Солдат Бахем спокойно смотрит ему в глаза:
— Иногда облегчить свою участь труднее, чем взять на себя кажущуюся трагичность своего долга, ради выполнения которого потребуются жизни невинных людей, в то время как сам ты пребываешь в комфортной безопасности. У меня не было другого выбора: я не мог сохранить свою жизнь, коль скоро это стоило бы жизни другим людям.

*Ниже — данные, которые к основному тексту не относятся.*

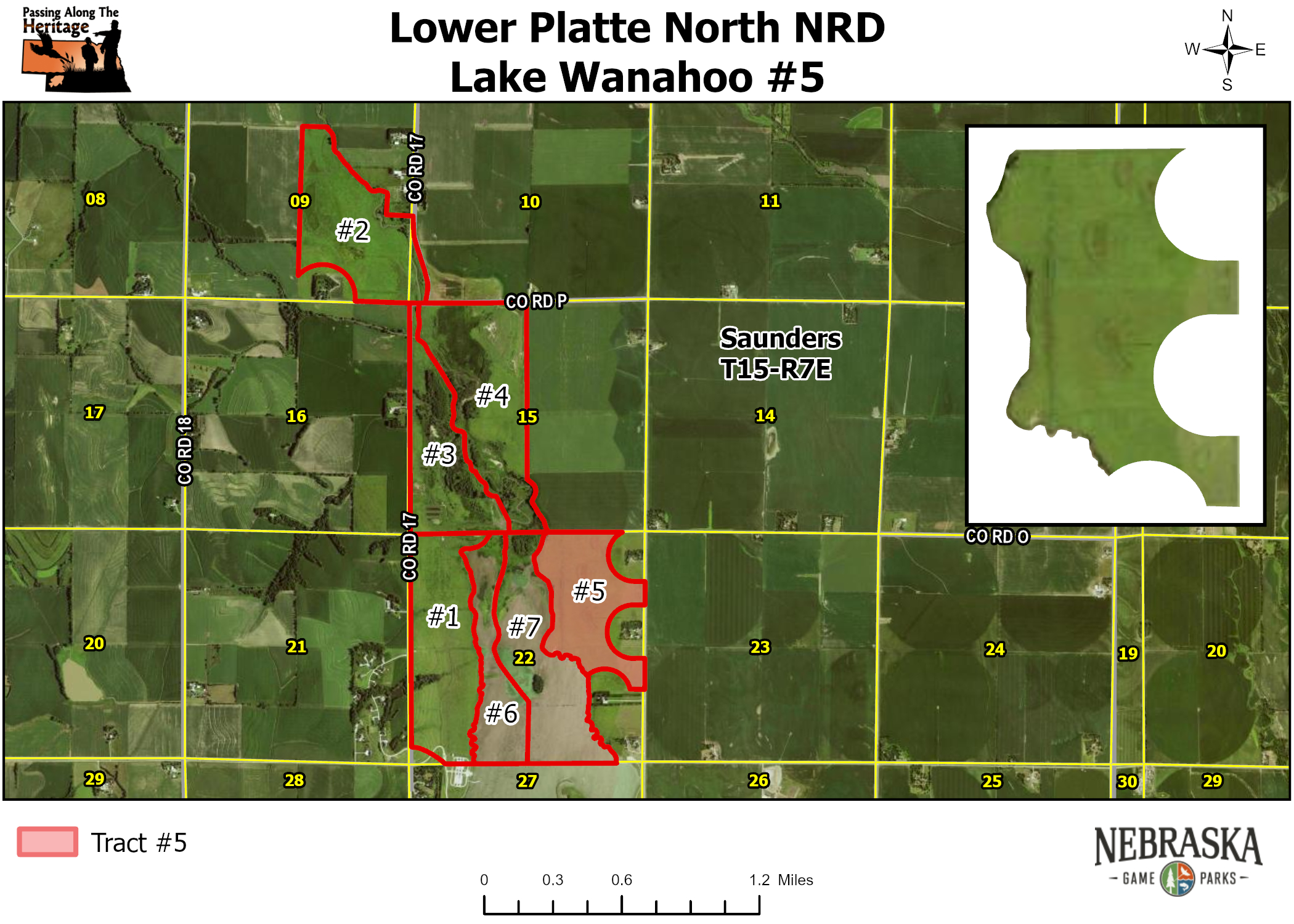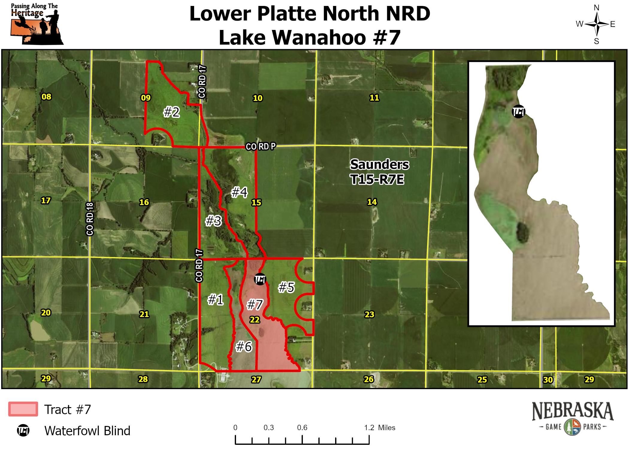 Saunders County. Tract 1/4 NW. Section 15. Township 15 North. Range 7 East. Located north of Wahoo, Nebraska. From the intersection of highways 109, 92, and 77 travel north 2 miles, then west 1/2 mile to access; tract on north side of road marked with blue Path signs; OR, travel north 3 miles, then west 1/2 mile to access; tract on south side of road (Located between County Roads O and P, east of Sand Creek). - Up to 2 youth hunters in one hunting group allowed, with the exception of deer hunting where only one youth hunter is allowed. If an individual hunting party has two youth hunters in the field at the same time then the following information must be written on the "Land Access From" carried in the field: Both hunter names with DOB (Date of Birth) and both legal guardians' signatures, if not the same parent or guardian. - ALL SPECIES hunting allowed within season. - CAUTION! Deep water associated with flooded creek channel. - A 14-acre wetland enhancement in the north 1/2 of Area 4 was completed in 2024. - Tower blind available in the south 1/2 of Area 4, mowed path or trail to the blind from North or South, County Roads O and P. During the rifle deer season, November 15-23, this area can be reserved for youth rifle deer hunting only (no other hunting activities allowed). Hunters and mentors are advised to know what is down range from your quarry before shooting. Please be advised that bank fishing is allowed to the public during this timeframe. - Hunt east of creek only. - Walk-in only; No vehicle access. - No target or trap shooting; No handguns. - No trapping allowed. - Steel shot is required for waterfowl hunting. - Only temporary blinds or stands are allowed. - Park in designated parking areas, field accesses, or at a safe location along the County Road. - Non-hunting, general public, access is open beginning March 1. This includes the Spring Turkey Season. - Non-hunting, general public, access for fishing is open year-round on the lake and along the bank. - SPECIAL NOTES: South woodland/wetland complex restricted due to active Bald Eagle nest. Obey posted signs on site. There is a 200-yard hunting restriction around the north-east corner of this unit. Hunt south of posted signs. NRD Park Permit not required in areas north of county road N. Portions of this area may have been hayed as part of site management. There is still adequate, un-hayed habitat available to hunt. WANAHOO #4

Он говорит все это совершенно спокойно, без ненависти и апломба, со стороны может показаться, будто ему жаль старика генерала. А тому кровь бросается в голову, однако румянец на его щеках кажется болезненным по сравнению с ярко-красным кантом; он уже повернулся к двери, но вдруг останавливается и тихо спрашивает: «Приняли бы вы жизнь из моих рук, если б в моей власти было подарить ее вам?» Не медля ни минуты, Ганс отвечает дрожащим голосом: «Да». И тихо улыбается, глядя поверх головы генерала куда-то вдаль, а генерал краснеет еще гуще, потом вдруг торопливо хватается за ручку двери и чуть ли не кричит: «Я невиновен в вашей смерти! Я пришлю вам священника…»
Солдату Бахему остается жить несколько секунд; он стоит, прислонившись к старой глинобитной стене, и смотрит, как вечерние сумерки со всех сторон проникают в сад, в этот одичавший сад, где повсюду валяются затоптанные стебли подсолнечника, а высокие сорняки заглушили виноградник. На душе у него тяжело — ведь он считает, что всего один-единственный день попытался служить Богу, а годы, много лет, следовал по кривой колее того злокозненного дьявола, символ которого сверкает на касках расстрельной команды в последних лучах закатного солнца — эти лучи подчеркивают сходство подкрадывающихся сумерек с туманом; его мысли и чувства лихорадочно сменяют друг друга, и ему хочется громко крикнуть: «Господи, я не достоин…» Но вдруг перед ним возникает бледное, нежное и смиренное лицо той молодой незнакомой женщины, и ему кажется, что он видит в ее глазах слезы; тут у него самого из глаз вырываются потоки горячих слез, которые словно пытаются защитить его от пуль, вылетевших из винтовочных стволов, когда покой вечера разорвала короткая и жесткая команда «Огонь!». Падая, он прикрывает ладонями лицо и остается коленопреклоненным, дабы веки вечные оплакивать эту темную землю…
16
Пропадая от вшей, расплодившихся в истлевших одеялах и соломе, как в инкубаторе, Кристоф долго пролежал на голой земле в мрачном заведении, которое называлось «Пункт сбора раненых», пока его рану наконец не сочли достаточно тяжелой, чтобы отправить на родину в госпиталь.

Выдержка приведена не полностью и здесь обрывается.